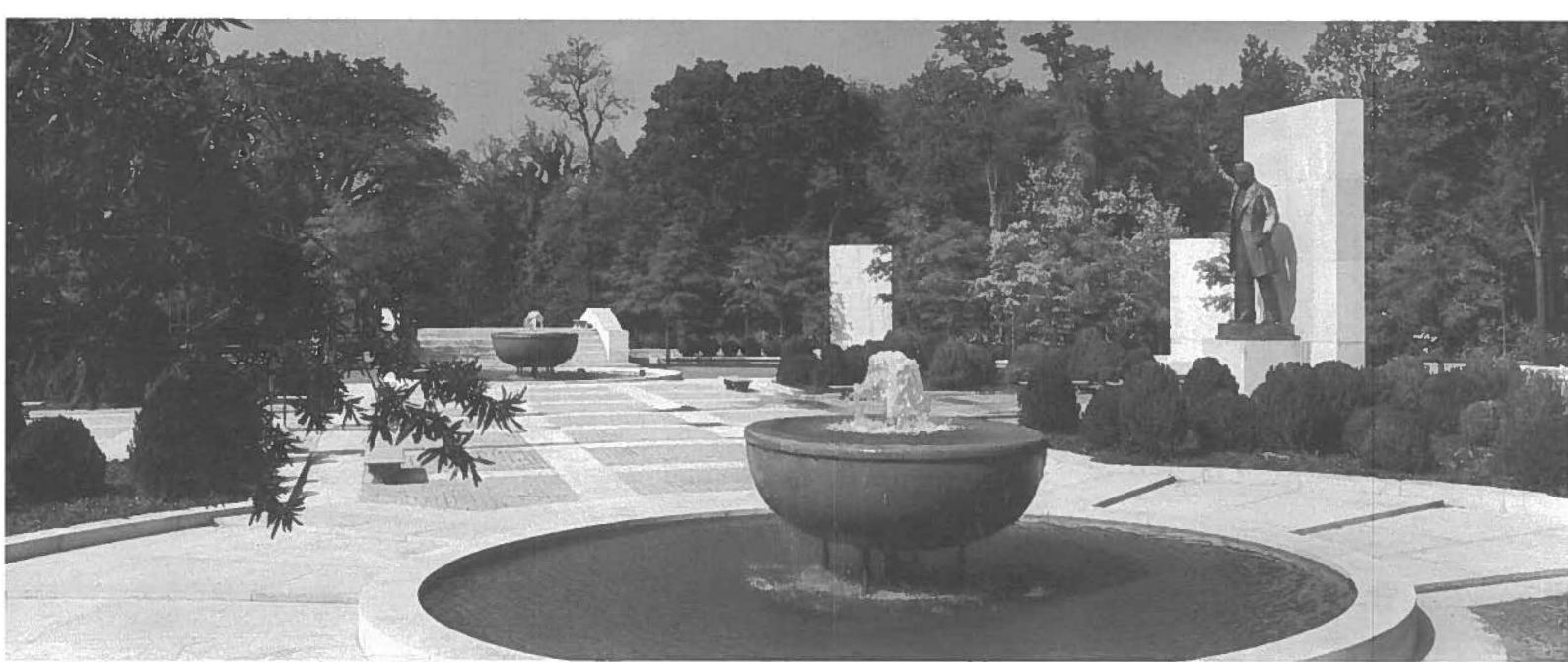
Theodore Roosevelt Memorial, c. 1967
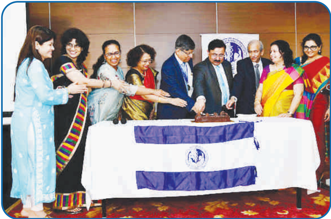
Annual Day Celebration, ISA Thane City Branch, Maharashtra (31 March 2019)
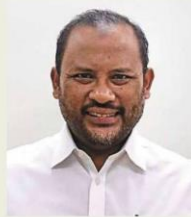
Ramli says ideally, there should be a recycling facility under each local council.

"However, we have seen that plastic wastes such as food containers and packaging materials from online shopping have increased, especially in urban areas.
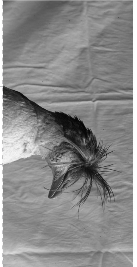
Bird, mounted penguin, circa 1908, New Zealand, Maker unknown.
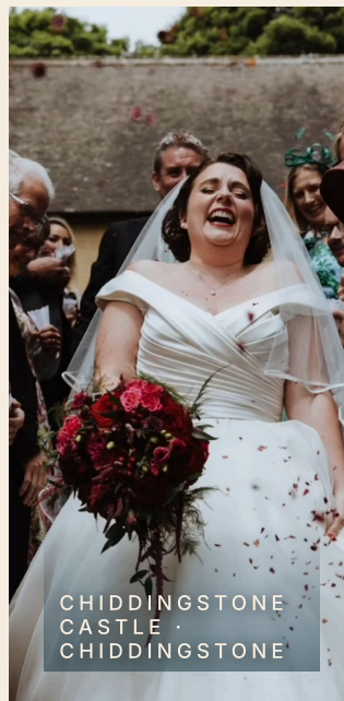
CHIDDINGSTONE CASTLE · CHIDDINGSTONE
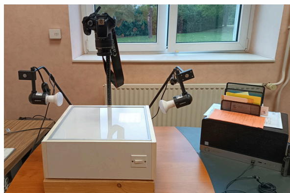
A device for digitising the plates, lent by the Angers diocesan archives.

The collection comprises 5,865 plates, dating from 1909 to 1961.
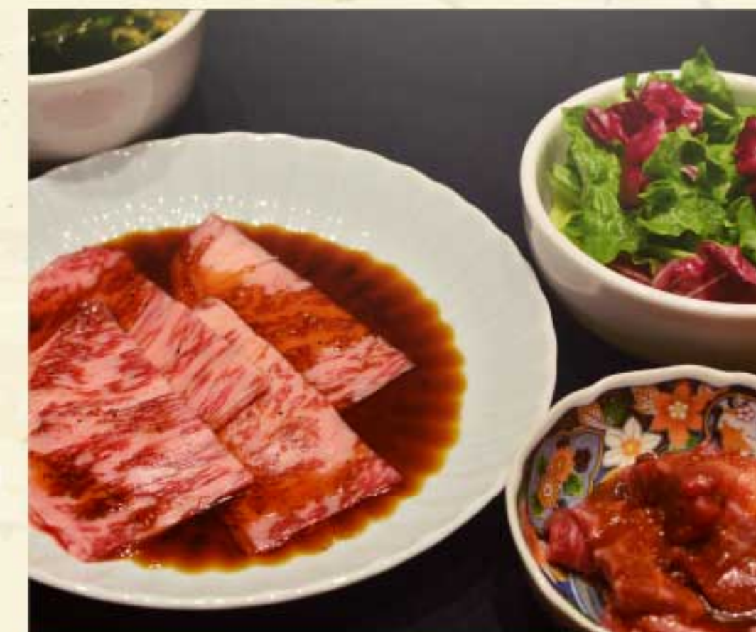
Mille-feuille Loin & Cut-offs Lunch 2,900yen
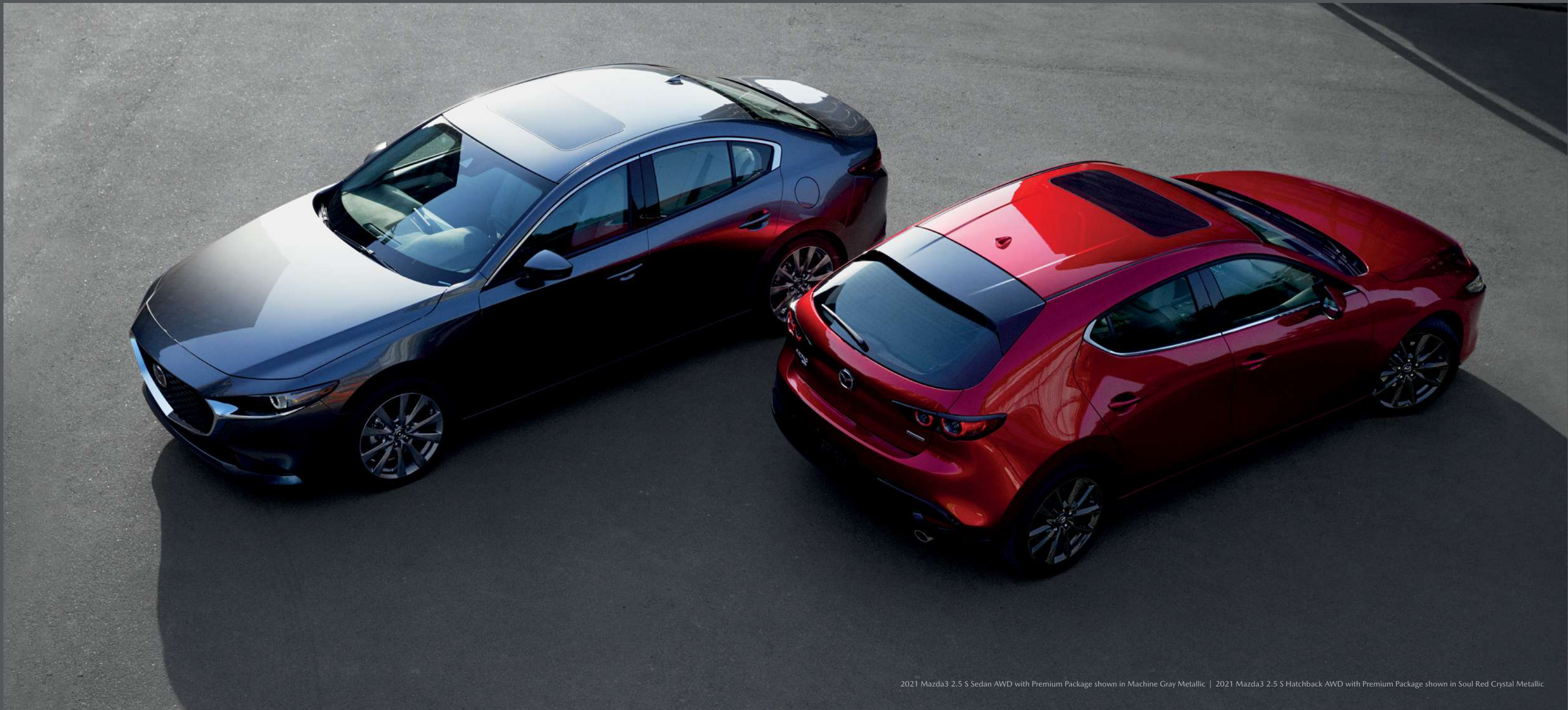
2021 Mazda3 2.5 S Sedan AWD with Premium Package shown in Machine Gray Metallic | 2021 Mazda3 2.5 S Hatchback AWD with Premium Package shown in Soul Red Crystal Metallic

__The task__. Give all entries again verbatim, without any images.

__Solution to the problem__.
Theodore Roosevelt Memorial, c. 1967
Annual Day Celebration, ISA Thane City Branch, Maharashtra (31 March 2019)
Ramli says ideally, there should be a recycling facility under each local council.

"However, we have seen that plastic wastes such as food containers and packaging materials from online shopping have increased, especially in urban areas.
Bird, mounted penguin, circa 1908, New Zealand, Maker unknown.
CHIDDINGSTONE CASTLE · CHIDDINGSTONE
A device for digitising the plates, lent by the Angers diocesan archives.

The collection comprises 5,865 plates, dating from 1909 to 1961.
Mille-feuille Loin & Cut-offs Lunch 2,900yen
2021 Mazda3 2.5 S Sedan AWD with Premium Package shown in Machine Gray Metallic | 2021 Mazda3 2.5 S Hatchback AWD with Premium Package shown in Soul Red Crystal Metallic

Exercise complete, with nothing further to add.